On Wed, Feb 26, 2025 at 03:20:13PM -0800, Nhat Pham wrote:
> On Wed, Feb 26, 2025 at 7:33 AM Yosry Ahmed <yosry.ahmed@linux.dev> wrote:
> >
> > On Tue, Feb 25, 2025 at 11:57:27PM -0500, Johannes Weiner wrote:
> > > On Wed, Feb 26, 2025 at 03:12:35AM +0000, Yosry Ahmed wrote:
> > > > On Tue, Feb 25, 2025 at 01:32:00PM -0800, Nhat Pham wrote:
> > > > > Currently, we crash the kernel when a decompression failure occurs in
> > > > > zswap (either because of memory corruption, or a bug in the compression
> > > > > algorithm). This is overkill. We should only SIGBUS the unfortunate
> > > > > process asking for the zswap entry on zswap load, and skip the corrupted
> > > > > entry in zswap writeback.
> > > >
> > > > Some relevant observations/questions, but not really actionable for this
> > > > patch, perhaps some future work, or more likely some incoherent
> > > > illogical thoughts :
> > > >
> > > > (1) It seems like not making the folio uptodate will cause shmem faults
> > > > to mark the swap entry as hwpoisoned, but I don't see similar handling
> > > > for do_swap_page(). So it seems like even if we SIGBUS the process,
> > > > other processes mapping the same page could follow in the same
> > > > footsteps.
> > >
> > > It's analogous to what __end_swap_bio_read() does for block backends,
> > > so it's hitchhiking on the standard swap protocol for read failures.
> >
> > Right, that's also how I got the idea when I did the same for large
> > folios handling.
> 
> And your handling of the large folio (along with the comment in the
> other thread) was how I got the idea for this patch :)
> 
> >
> > >
> > > The page sticks around if there are other users.
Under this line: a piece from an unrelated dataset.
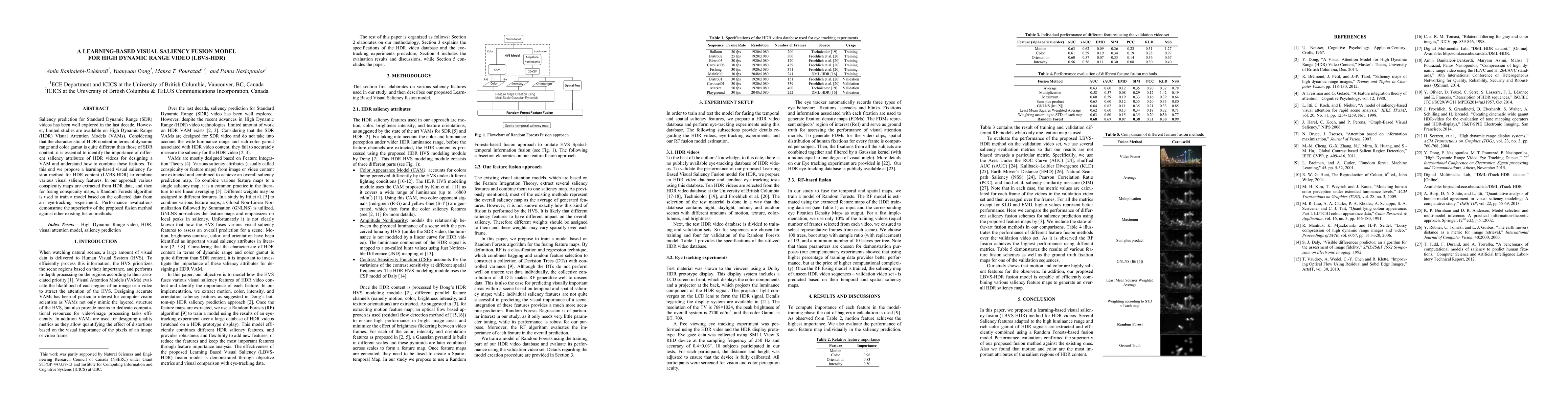 Saliency prediction for Standard Dynamic Range (SDR) videos has been well explored in the last decade. However, limited studies are available on High Dynamic Range (HDR) Visual Attention Models (VAMs). Considering that the characteristic of HDR content in terms of dynamic range and color gamut is quite different than those of SDR content, it is essential to identify the importance of different saliency attributes of HDR videos for designing a VAM and understand how to combine these features. To this end we propose a learning-based visual saliency fusion method for HDR content (LVBS-HDR) to combine various visual saliency features. In our approach various conspicuity maps are extracted from HDR data, and then for fusing conspicuity maps, a Random Forests algorithm is used to train a model based on the collected data from an eye-tracking experiment. Performance evaluations demonstrate the superiority of the proposed fusion method against other existing fusion methods.

It can get reclaimed,
> > > but since it's not marked dirty, it won't get overwritten. Another
> > > access will either find it in the swapcache and die on !uptodate; if
> > > it was reclaimed, it will attempt another decompression. If all
> > > references have been killed, zswap_invalidate() will finally drop it.
> > >
> > > Swapoff actually poisons the page table as well (unuse_pte).
> >
> > Right. My question was basically why don't we also poison the page table
> > in do_swap_page() in this case. It's like that we never swapoff.
> 
> That would require a rmap walk right? To also poison the other PTEs
> that point to the faulty (z)swap entry?
> 
> Or am I misunderstanding your point :)

Oh I meant why not just mark the entry where the fault happened as
poisoned at least. Finding other PTEs that point to the swap entry is a
different story. I don't think we can even use the rmap here.